- [What you need to do] Your response to the data below should hold nothing except the lines from the one containing "Boys blue jersey" down to the one containing "I put the most", reproduced exactly and without pictures.

[Dataset excerpts]
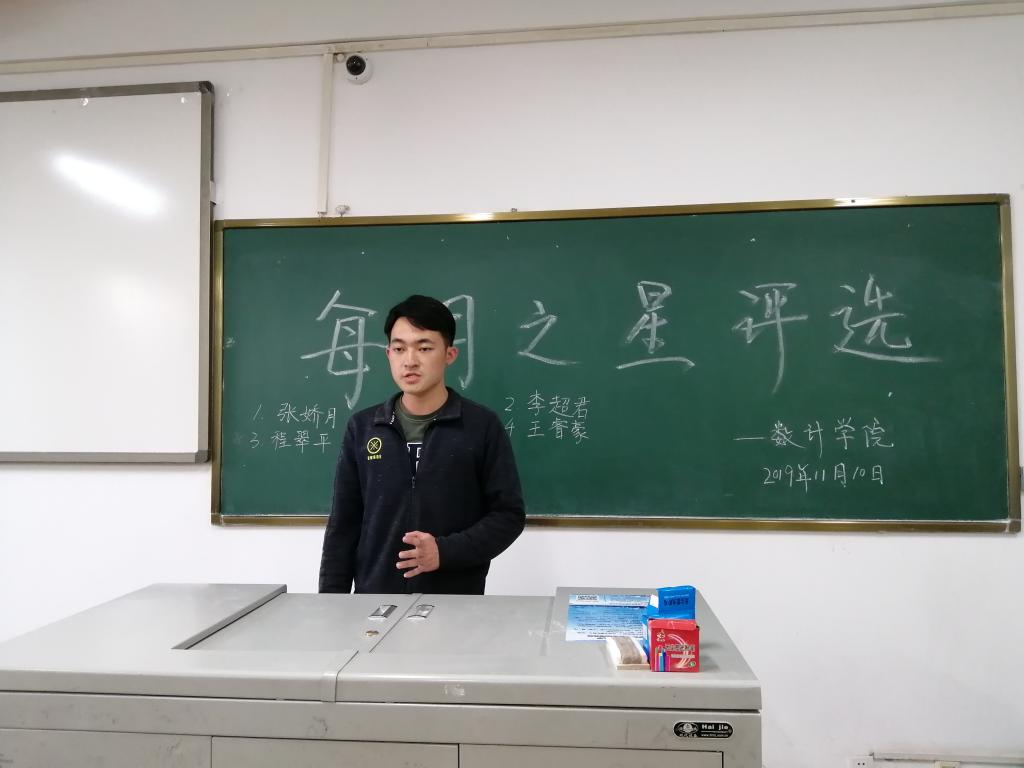 经各部门推荐、综合各项考核标准,最终推选出五位大一干事参加每月之星的选拔。首先,五位同学依次上场总结工作中的提升与不足,分享了加入学生会以来的感悟,表示今后将以更加饱满的热情投入到学生工作中去,积极配合兄弟部门的工作,为实现数计梦而贡献力量。经现场投票环节后,素质拓展部王睿豪荣获太阳成集团官方网站团委学生会十月份的“每月之星”。最后,学生会主席赵佳进行总结发言,对近期各部门有序推进各项工作提出了表扬,同时强调学生会与各班级之间应共谋发展思路,鼓励各班同学对学生会工作提出宝贵建议。
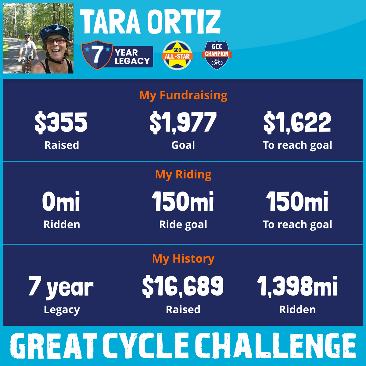 I am riding 150 mi for my friend, Jeri Myers Matrai, my high school friend, hence my goal 1977! Your donation is appreciated
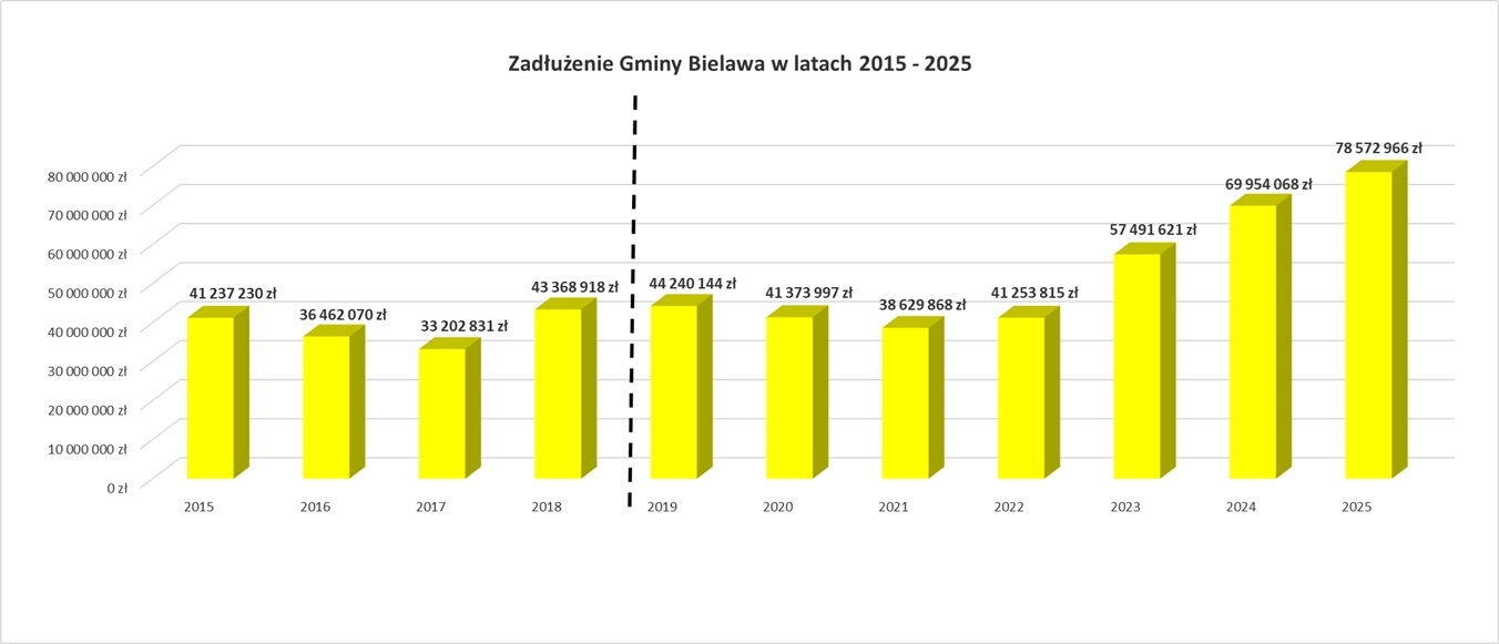 Biorąc pod uwagę fakt, iż średnie ważone oprocentowanie bielawskich papierów dłużnych wynosi 4,64 %, to łączny koszt odsetek z ich tytułu, w skali roku wynosi 719.155 zł, a w ciągu 20 lat wyniósłby 14.383.100 zł.
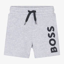 Boys blue jersey logo shorts by BOSS are crafted from comfortable sweatshirt jersey, featuring a bold white logo on one leg. The shorts have a drawstring waistband for a secure fit and handy concealed side pockets. Perfect for casual wear, these shorts offer both style and practicality. Limited quantities available, last chance to buy.
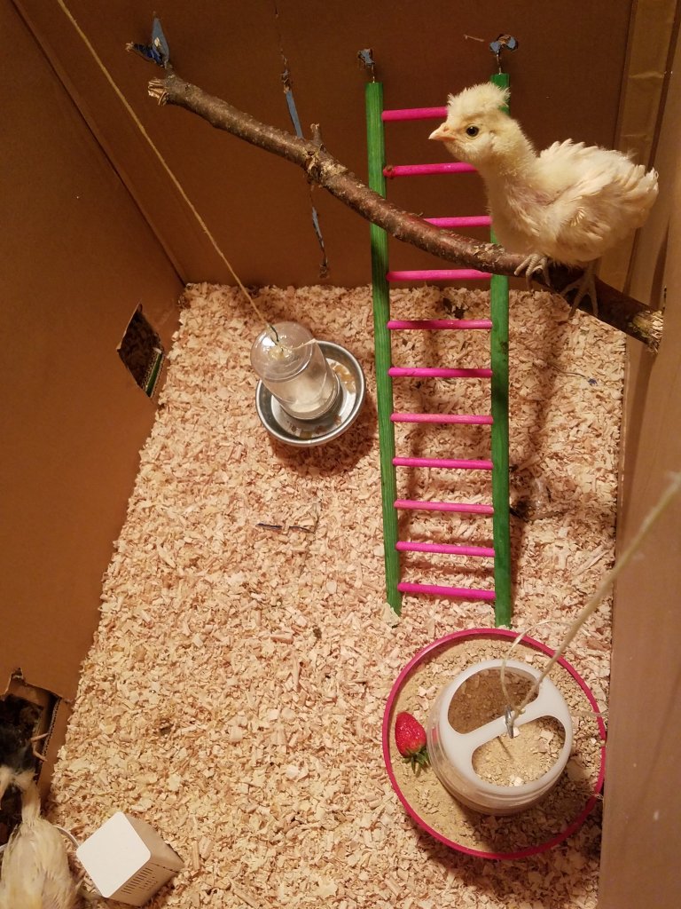 I put the most appealing one in their brooder and waited, and waited, and waited… they were terrified!
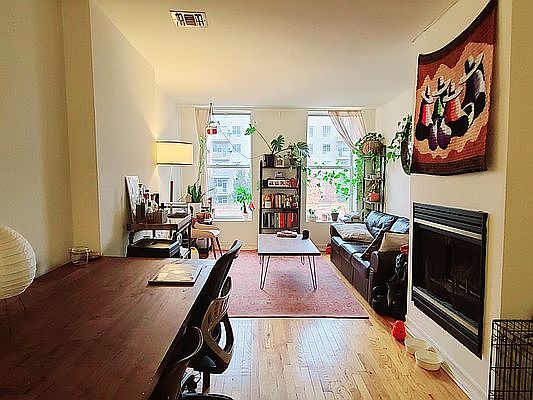 Spacious and Bright 3rd floor one bedroom apartment 2 blocks away from Atlantic Ave Barclays Center with 9 subway lines. Covering over 700 sqft with North and South exposures, this apartment gets consistent light throughout the day. The large living room faces the front of the building and has a great layout to set up all your furniture pieces. A formal dining table can easily fit right next to the kitchen area. There is a working gas fireplace to enjoy during the winter months. The open kitchen has plenty of cabinet and counter space, and comes with a dishwasher. The rear-facing King sized bedroom provides you with plenty of peace and quiet and its south-facing windows let in plenty of light. The huge Bedroom measures 19.9" x10'7' and can easily fit a king size bed, a sofa, dresser, home office and more! There are 2 large closets in total. One in the living room and one in the bedroom. Plenty of room in the hallway to add additional storage pieces if needed. Hardwood floors throughout and tiled bathroom with a tub The coin operated washer and dryer are located in the basement. A large private locked bin is also included for additional storage needs. Pet Friendly Tenants pay for all utilities Located 2 blocks from the Atlantic Ave Barclays Center subways 2,3,4,5,B,Q,N,R,and D lines, the LIRR and Barclays Center. Lots of cafes and restaurants all around the vicinity.

- [Exercise response]
 Boys blue jersey logo shorts by BOSS are crafted from comfortable sweatshirt jersey, featuring a bold white logo on one leg. The shorts have a drawstring waistband for a secure fit and handy concealed side pockets. Perfect for casual wear, these shorts offer both style and practicality. Limited quantities available, last chance to buy.
 I put the most appealing one in their brooder and waited, and waited, and waited… they were terrified!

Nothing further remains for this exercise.